### ABOUT THIS EXERCISE
Report every line of the records that includes the word "dòng".

### DATA RECORDS
((

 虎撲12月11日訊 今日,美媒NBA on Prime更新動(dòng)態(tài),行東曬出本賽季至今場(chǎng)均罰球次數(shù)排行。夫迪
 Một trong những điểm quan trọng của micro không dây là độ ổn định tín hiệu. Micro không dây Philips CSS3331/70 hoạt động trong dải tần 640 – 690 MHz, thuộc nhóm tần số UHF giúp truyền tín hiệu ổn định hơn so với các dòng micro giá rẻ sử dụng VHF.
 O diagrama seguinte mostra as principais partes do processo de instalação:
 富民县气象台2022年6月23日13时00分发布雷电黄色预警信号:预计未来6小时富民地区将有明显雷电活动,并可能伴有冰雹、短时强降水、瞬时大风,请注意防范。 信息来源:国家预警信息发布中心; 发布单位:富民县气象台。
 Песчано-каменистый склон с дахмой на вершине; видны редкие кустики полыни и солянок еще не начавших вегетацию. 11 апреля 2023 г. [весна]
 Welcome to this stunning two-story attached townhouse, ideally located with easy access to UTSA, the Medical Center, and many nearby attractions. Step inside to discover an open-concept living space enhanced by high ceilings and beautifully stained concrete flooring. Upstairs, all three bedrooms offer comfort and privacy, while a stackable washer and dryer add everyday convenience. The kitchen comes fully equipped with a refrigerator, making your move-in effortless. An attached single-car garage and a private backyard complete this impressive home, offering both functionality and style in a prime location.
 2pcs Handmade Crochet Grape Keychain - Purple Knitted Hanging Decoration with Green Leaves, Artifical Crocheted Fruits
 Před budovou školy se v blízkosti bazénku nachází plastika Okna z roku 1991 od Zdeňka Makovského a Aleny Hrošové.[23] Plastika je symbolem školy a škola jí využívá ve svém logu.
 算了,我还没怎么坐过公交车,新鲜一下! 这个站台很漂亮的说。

))
((

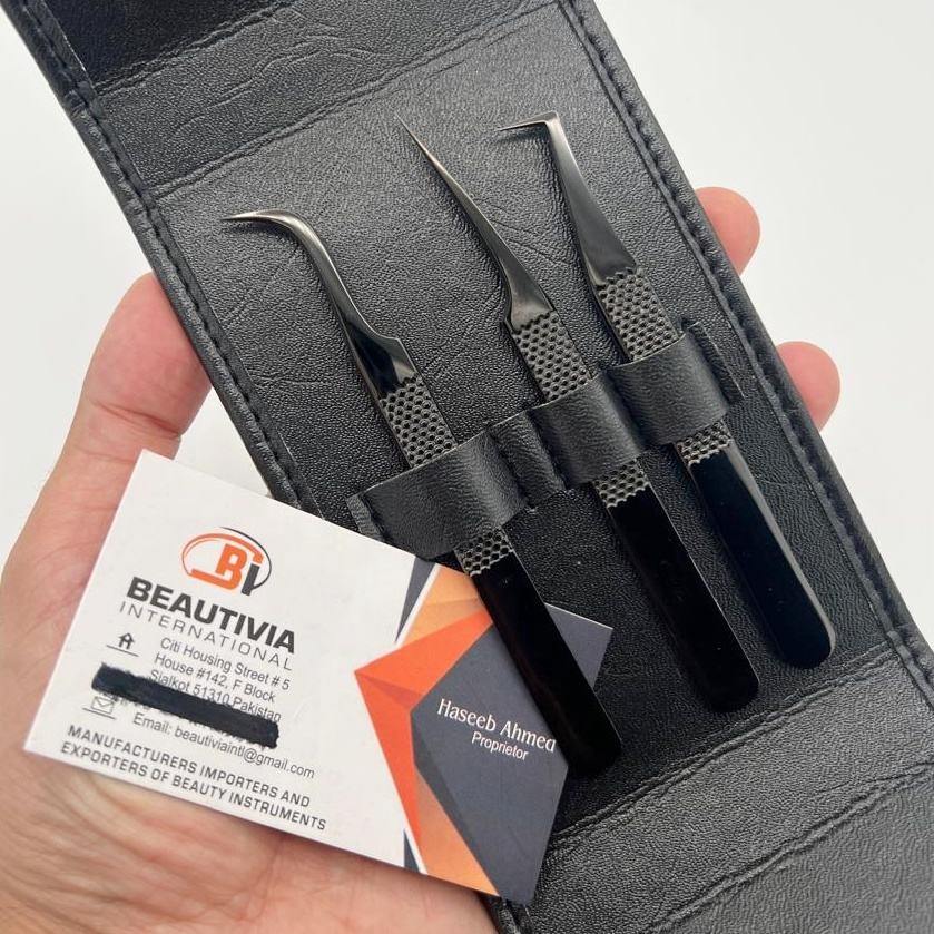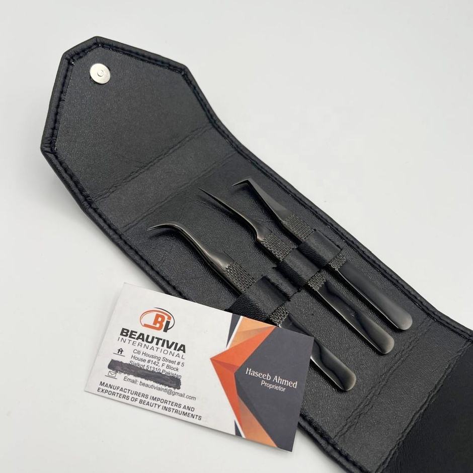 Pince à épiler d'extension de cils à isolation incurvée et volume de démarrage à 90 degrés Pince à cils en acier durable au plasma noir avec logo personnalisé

))
((

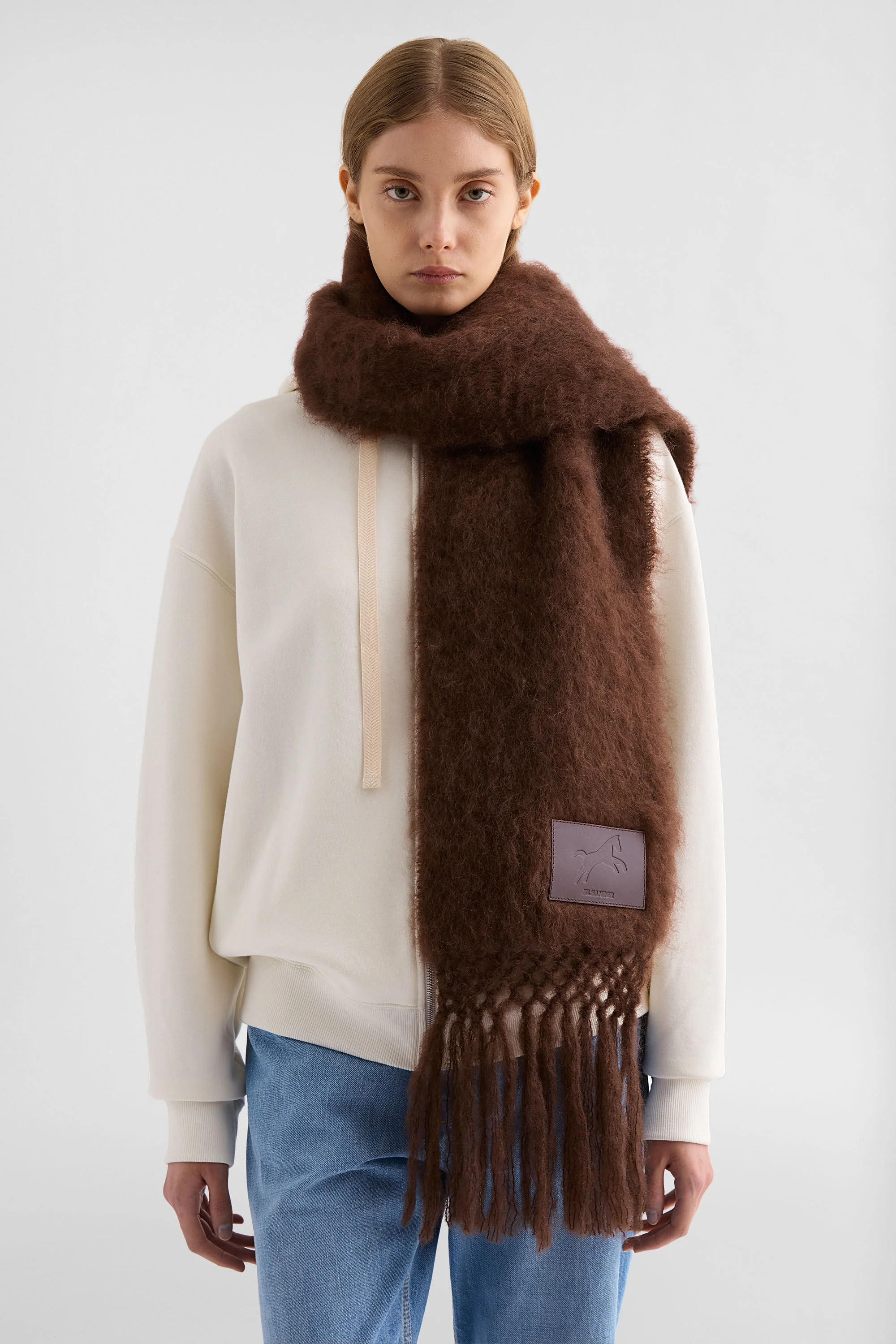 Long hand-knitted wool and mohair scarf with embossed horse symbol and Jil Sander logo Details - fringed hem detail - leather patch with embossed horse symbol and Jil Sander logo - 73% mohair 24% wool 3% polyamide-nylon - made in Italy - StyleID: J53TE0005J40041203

))

### RESULT FOR THIS EXERCISE
 虎撲12月11日訊 今日,美媒NBA on Prime更新動(dòng)態(tài),行東曬出本賽季至今場(chǎng)均罰球次數(shù)排行。夫迪
 Một trong những điểm quan trọng của micro không dây là độ ổn định tín hiệu. Micro không dây Philips CSS3331/70 hoạt động trong dải tần 640 – 690 MHz, thuộc nhóm tần số UHF giúp truyền tín hiệu ổn định hơn so với các dòng micro giá rẻ sử dụng VHF.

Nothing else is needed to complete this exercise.